Aβ is predominantly produced by neurons (–8). The accumulation of soluble Aβ in the brain parenchyma leads to the formation of Aβ oligomers and amyloid plaques, whereas its accumulation in the perivascular region leads to CAA (–8). Soluble Aβ can be removed from the brain by various clearance pathways closely linked to each other: soluble Aβ in ISF can be cleared in brain parenchyma, transported to the blood through BBB, or is degraded by vascular mural cells. Aβ can also traffic along the ISF bulk flow into CSF sink where it could be absorbed into the circulatory and lymphatic systems (6, 60). Major Aβ clearance pathways include receptor-mediated clearance (e.g., LRP1, LDLR) by cells in the brain parenchyma (neurons and glia), uptake from the perivascular space by vascular mural cells, or proteolytic degradation by endopeptidases (e.g., NEP, IDE) (–8). Binding of Aβ to neuronal HSPGs on the cell surface hinders proteolytic degradation of Aβ, and promotes Aβ oligomerization and aggregation (75). ApoE is generated mainly by the glial cells and lipidated by ABCA1 and ABCG1 transporters, forming lipoprotein particles (15). Lipidated apoE could either bind to Aβ and facilitates Aβ clearance through cell-surface receptors (e.g., LRP1, LDLR) (apoE2 > apoE3 > apoE4) (–80). Alternatively, apoE might also suppress Aβ clearance by competing with Aβ for receptor binding in astrocytes (apoE4 > apoE3) (81). Abbreviations: Aβ, amyloid-β; BBB, blood-brain barrier; BCSFB, blood-CSF barrier; CSF, cerebrospinal fluid; ISF, interstitial fluid; CAA, cerebral amyloid angiopathy; NEP, neprilysin; IDE, insulin-degrading enzyme; LRP1, low-density lipoprotein receptor-related protein 1; LDLR, low-density lipoprotein receptor; HSPG, heparan sulfate proteoglycan; ABCA1, ATP-binding cassette A1; ABCG1, ATP-binding cassette G1.

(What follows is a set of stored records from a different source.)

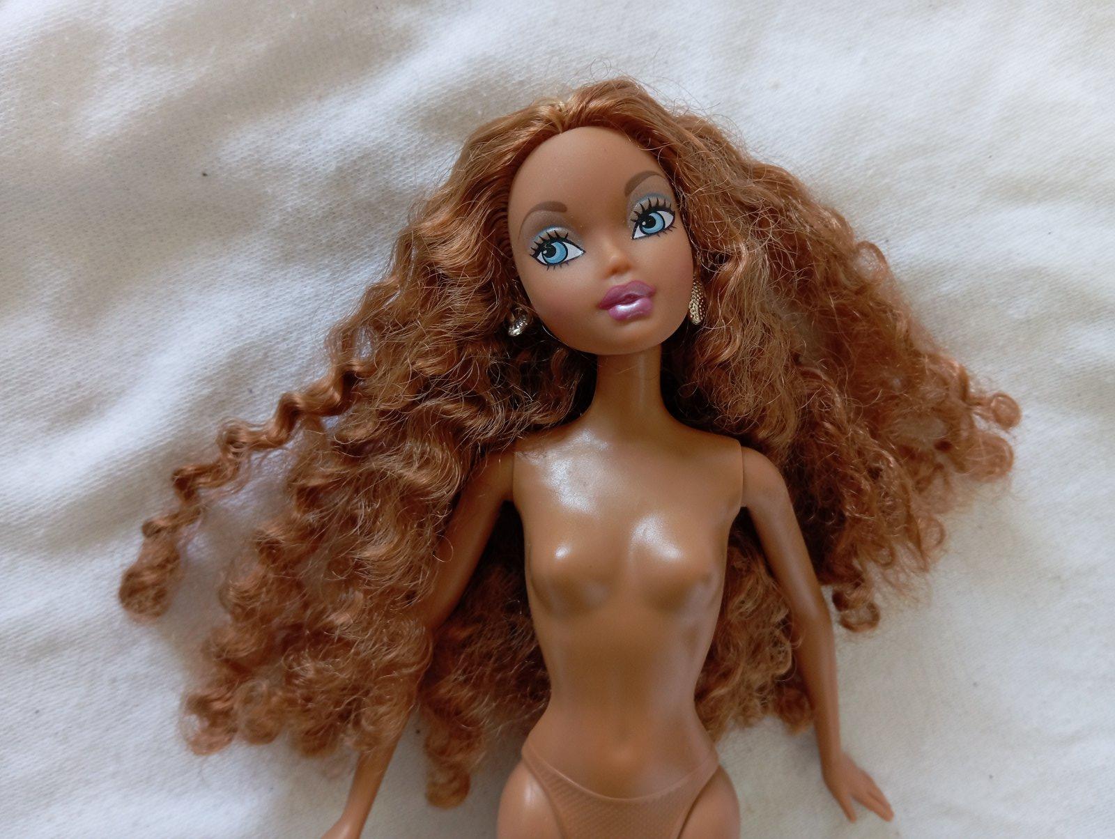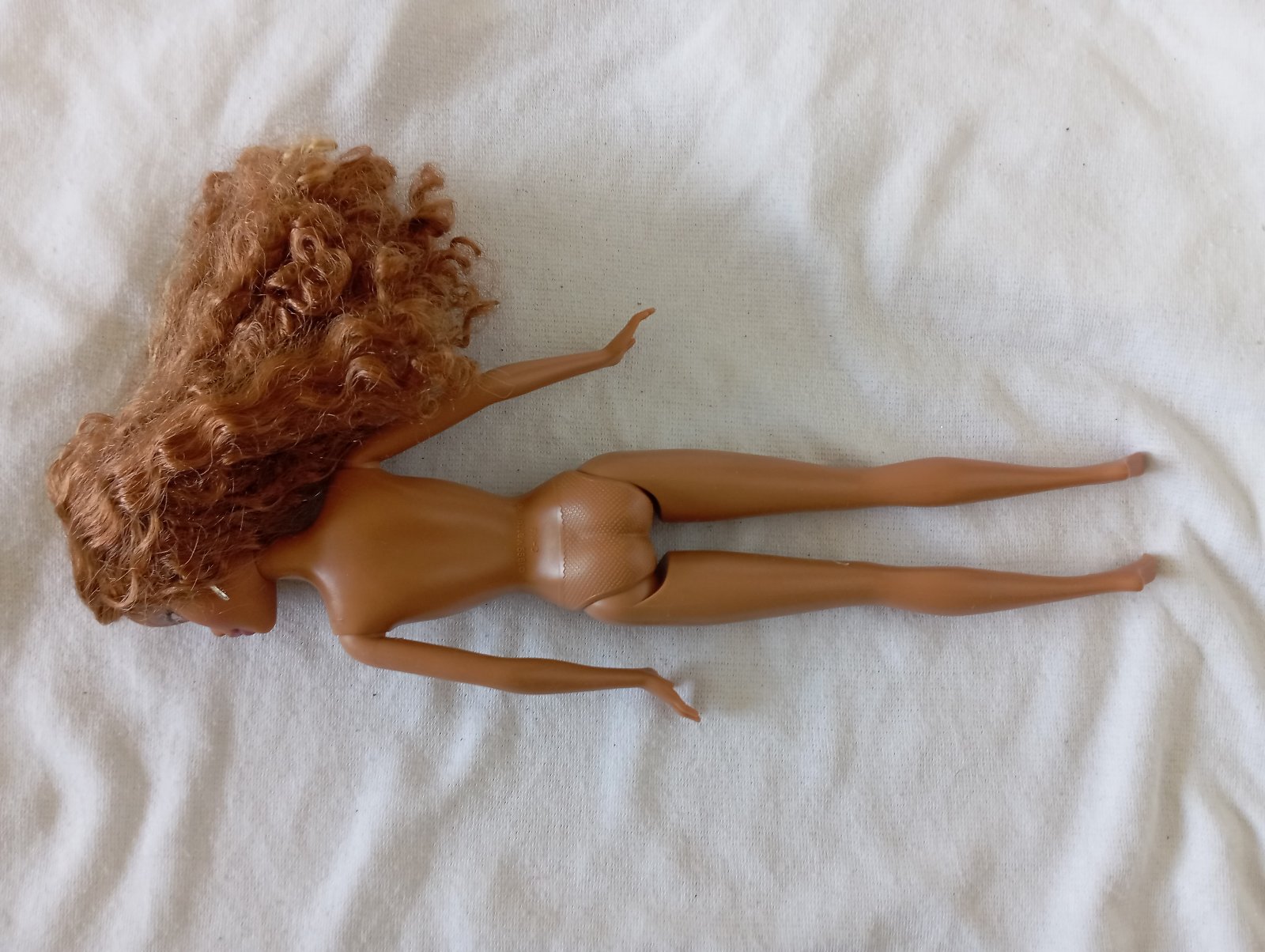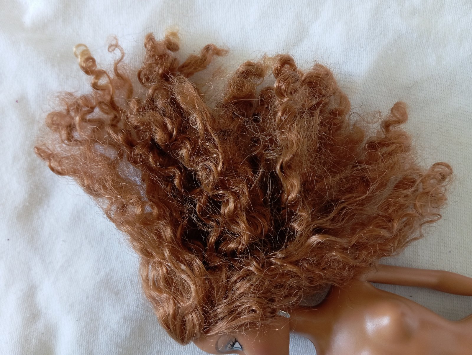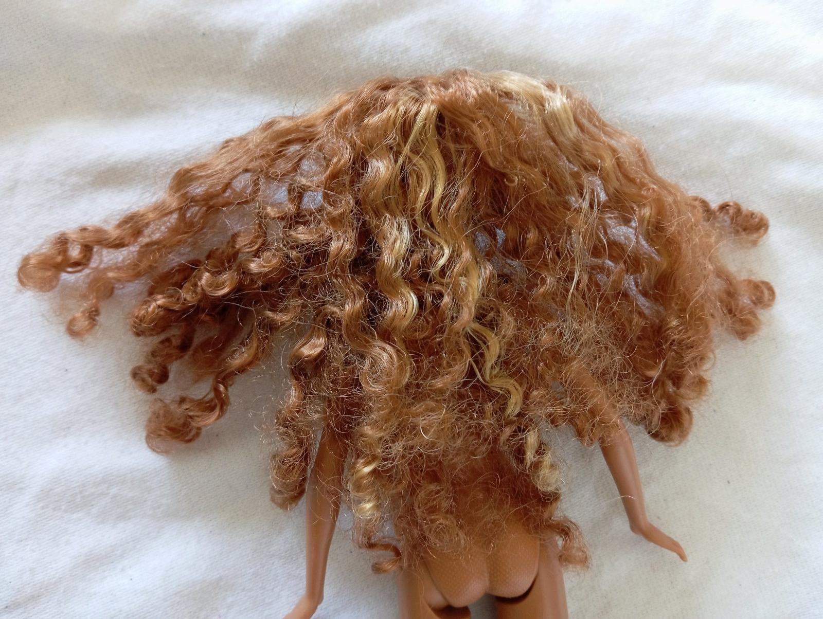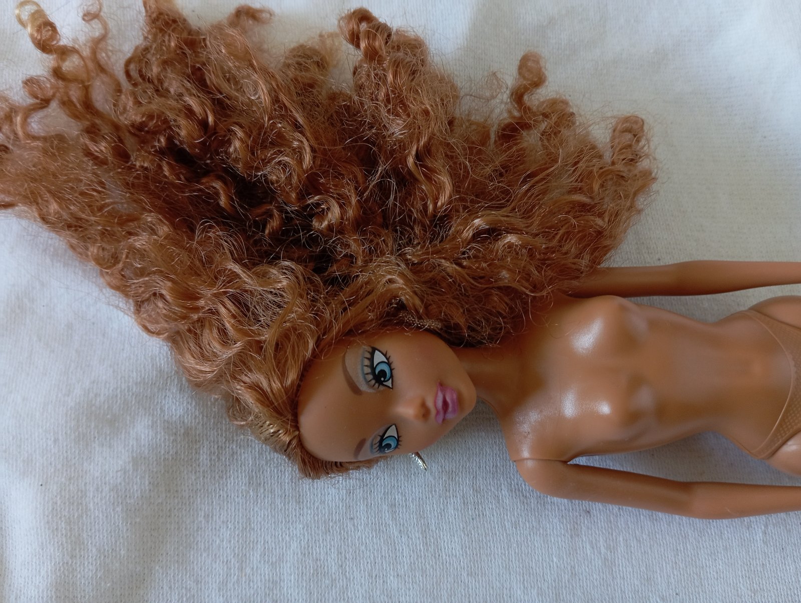 Barbie My Scene s hustými kučeravými vlasmi. Má ryšavé a hnedé pramene vlasov. Pár prameňov je blond.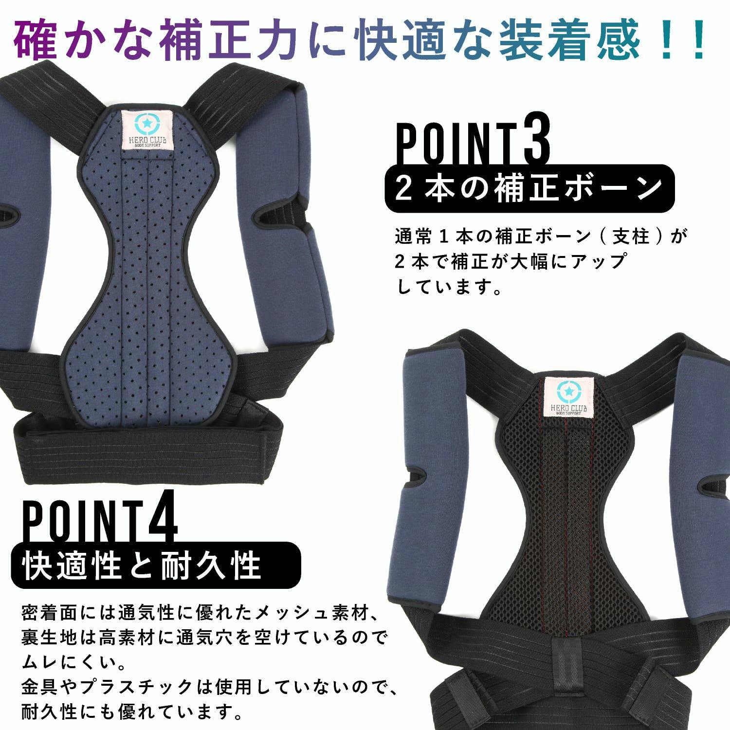肩や脇への負担がないロングクッションパッド、Wの補正ボーン(支柱)、スパンデックス(伸縮性、耐久性に優れたポリウレタン弾性繊維)を使用した、高弾力のクロスゴムベルトにて体をしっかりサポート。他商品にはない圧倒的な装着感、商品力を実現して、つけ心地、補正力が他商品とはまるで違うとの評価、レビューをいただいております。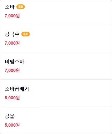 콩국수를 싫어하는 분들은 메밀소바를 추천합니다. 메밀소바도 정말 맛있습니다. 특히 비빔소바는 참기름 맛이 진하게 나는 게 맛있습니다.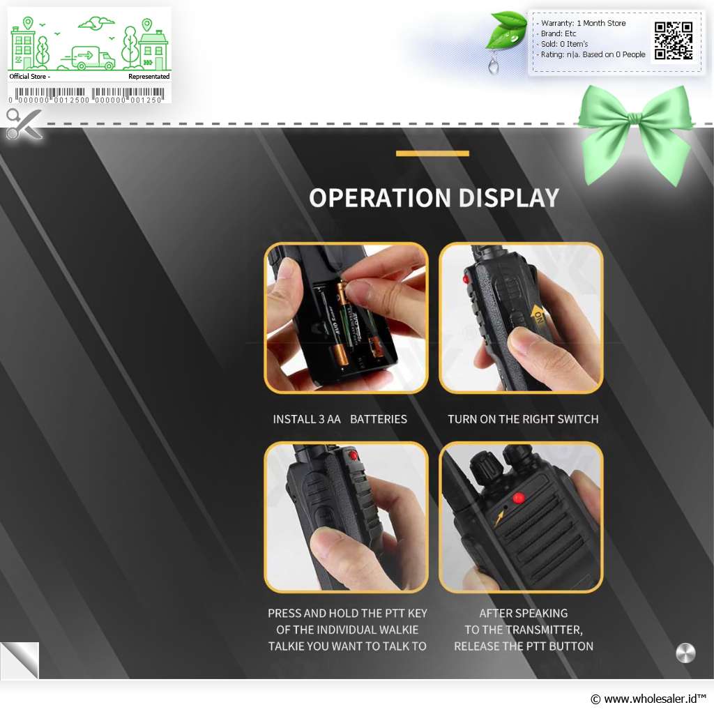 4. Product Listings and DescriptionsAll product descriptions, images, specifications, and prices are provided for informational purposes and may be subject to updates. While wholesaler.id™ strives to ensure that the information on the site is accurate, errors, inaccuracies, or omissions may occur. We reserve the right to correct any errors and to update product information at any time without prior notice.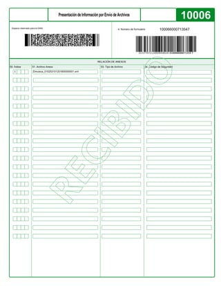 Este documento contiene información sobre una transacción, incluyendo los números de identificación del remitente, destinatario e interesado. También incluye detalles como el tipo y nombre de archivo anexo, fecha de la transacción, y un índice asignado al anexo.

Figure 3. ApoE-targeting strategies for treatment of Alzheimer’s disease

ApoE is primarily synthesized by astrocytes, and is lipidated by the ABCA1 transporter, forming apoE lipoprotein particles. Lipidated apoE binds soluble Aβ and facilitates Aβ uptake through cell surface receptors including LRP1, LDLR, VLDLR, and HSPG (6). ApoE and apoE receptors play critical roles in both Aβ-dependent and Aβ-independent AD pathogenic pathways (8). ApoE-directed approaches that are currently explored are categorized as below: 1) Modulating apoE level, stability and lipidation (ie., LXR/RXR agonists (–105, 108), apoE stabilizing compounds (111), nanoparticles or AAV-mediated gene delivery of apoE (40, 113), gene silencing approaches and anti-apoE immunotherapy (115, 116); 2) Modulating apoE properties by converting apoE4 to apoE3 (i.e., structure correctors, CRISPR/Cas9 genome-editing) (–121), suppressing apoE aggregation (122) and proteolysis (118, 119) and blocking apoE-Aβ interaction (126, 127); 3) Regulating the levels, intracellular trafficking and functions of apoE and apoE receptors (6, 72, 75, 98); 4) Restoring normal apoE functions (i.e., apoE-mimetic peptides) (128); 5) Restoring apoE4-mediated defects by apoE2-based treatment (40, 113), and 6) Promoting cerebrovascular functions (i.e., physical exercise, healthy diet and lifestyle), particularly in APOE4 carriers (142). Abbreviations: Aβ, amyloid-β; apoE, apolipoprotein E; LXR, liver X receptor; RXR, retinoid X receptor; ABCA1, ATP-binding cassette A1; HSPG, heparan sulphate proteoglycan; LDLR, low-density lipoprotein receptor; LRP1, low-density lipoprotein receptor-related protein 1; BBB, blood-brain barrier; ApoER2, apolipoprotein E receptor 2; AAV, adeno-associated virus.